_DATASET CONTENT_

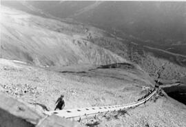Photograph depicts ore gravity chute on McDame Mountain, man walking uphill, mine valley in background.
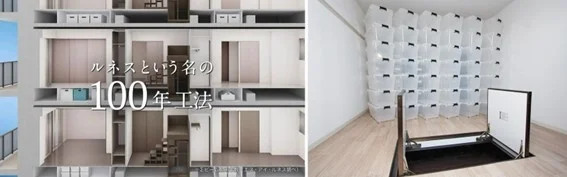 高層階住戸(14階・15階)に採用したルネス工法による床下トランクルームは、収納力と空間効率を飛躍的に向上させています。
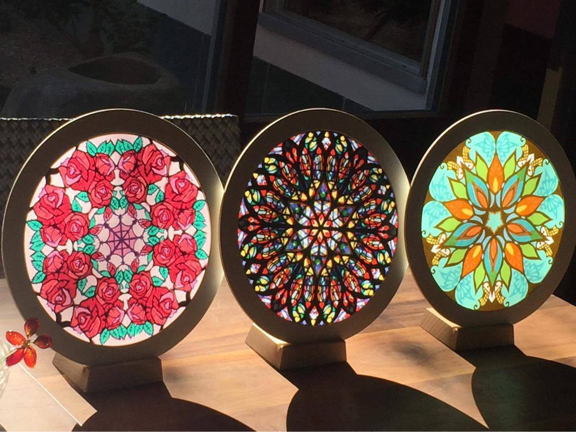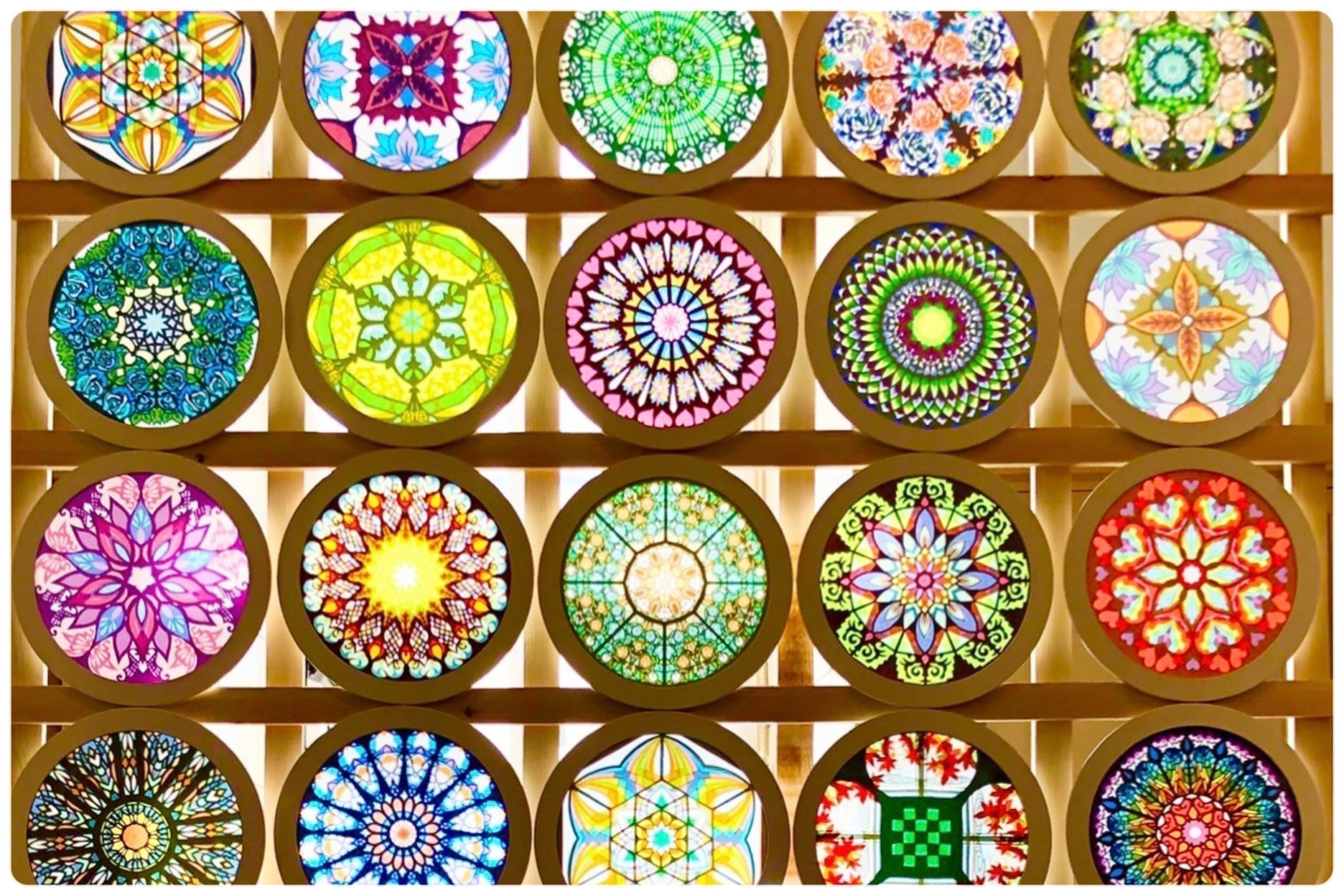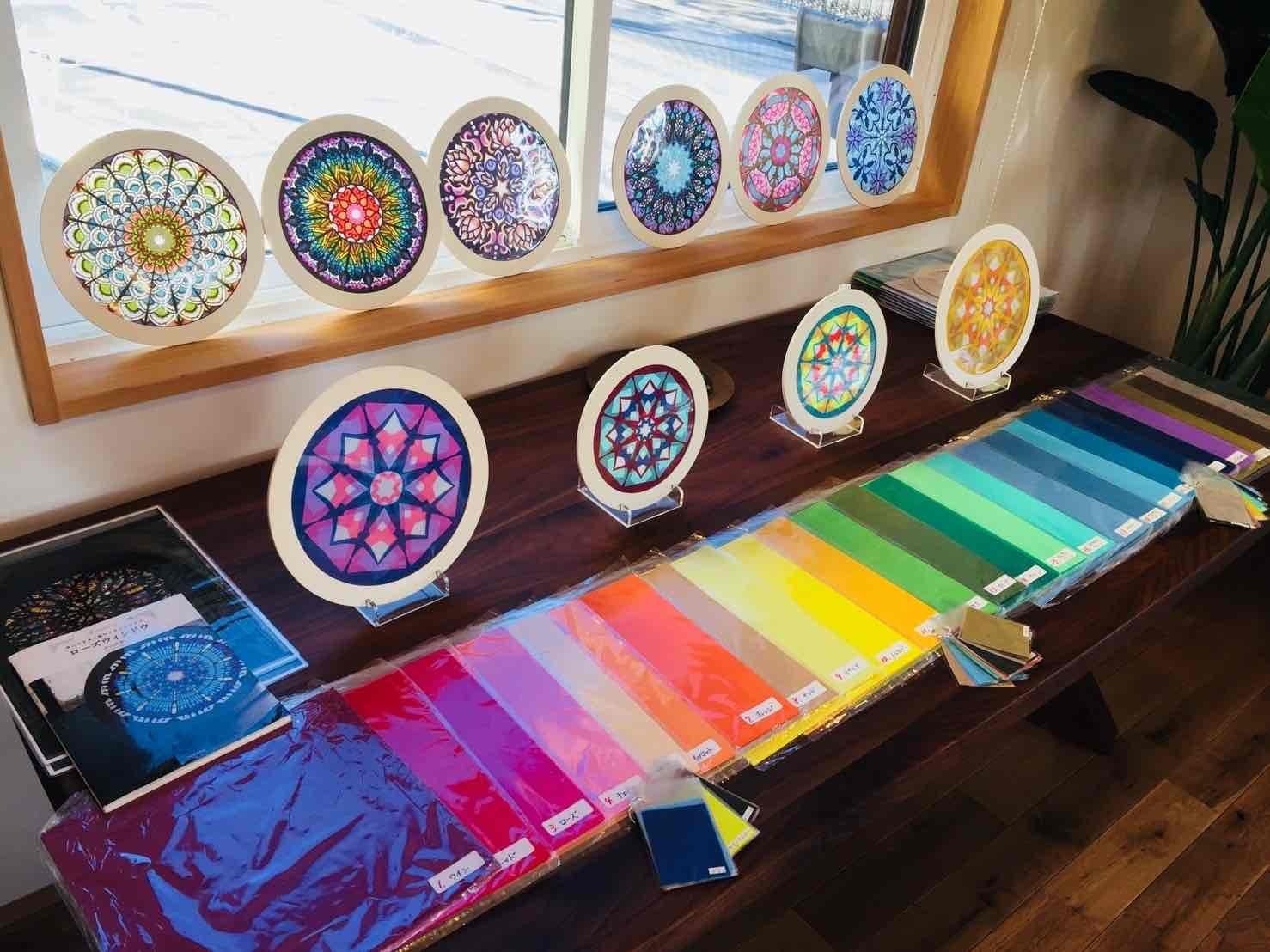 制作したり眺めたりすると、色と光と幾何学によって、ナチュラルに自分の心が整い、本来のチカラや幸福感を取り戻します。写真では伝えきれない実物のローズウィンドウの迫力や凄さをぜひ体験していただきたいという思いで講師活動をしております。
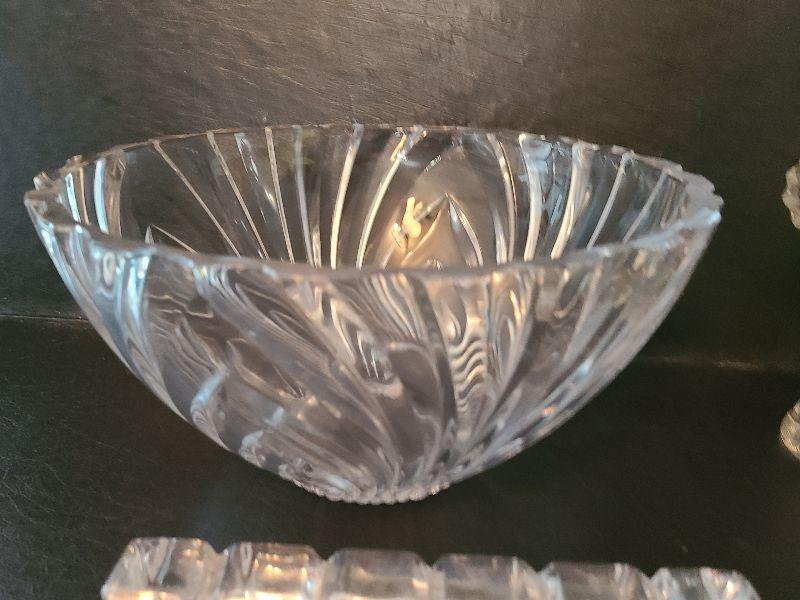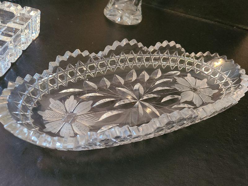 Oval dish has flea bite chips around edges. Items are heavy and in great condition. Please see all pictures for exact contents of the lot, condition of the items, and if measurements if taken. Thank you for looking and have fun bidding.

_ASSIGNMENT_
Transcribe, word for word, the lines of the listing above from the one that contains "高層階住戸(14階・15階)" through the one that contains "制作したり眺めたりすると、色", keeping both ends and dropping the pictures.

_SOLUTION BELOW_
 高層階住戸(14階・15階)に採用したルネス工法による床下トランクルームは、収納力と空間効率を飛躍的に向上させています。
 制作したり眺めたりすると、色と光と幾何学によって、ナチュラルに自分の心が整い、本来のチカラや幸福感を取り戻します。写真では伝えきれない実物のローズウィンドウの迫力や凄さをぜひ体験していただきたいという思いで講師活動をしております。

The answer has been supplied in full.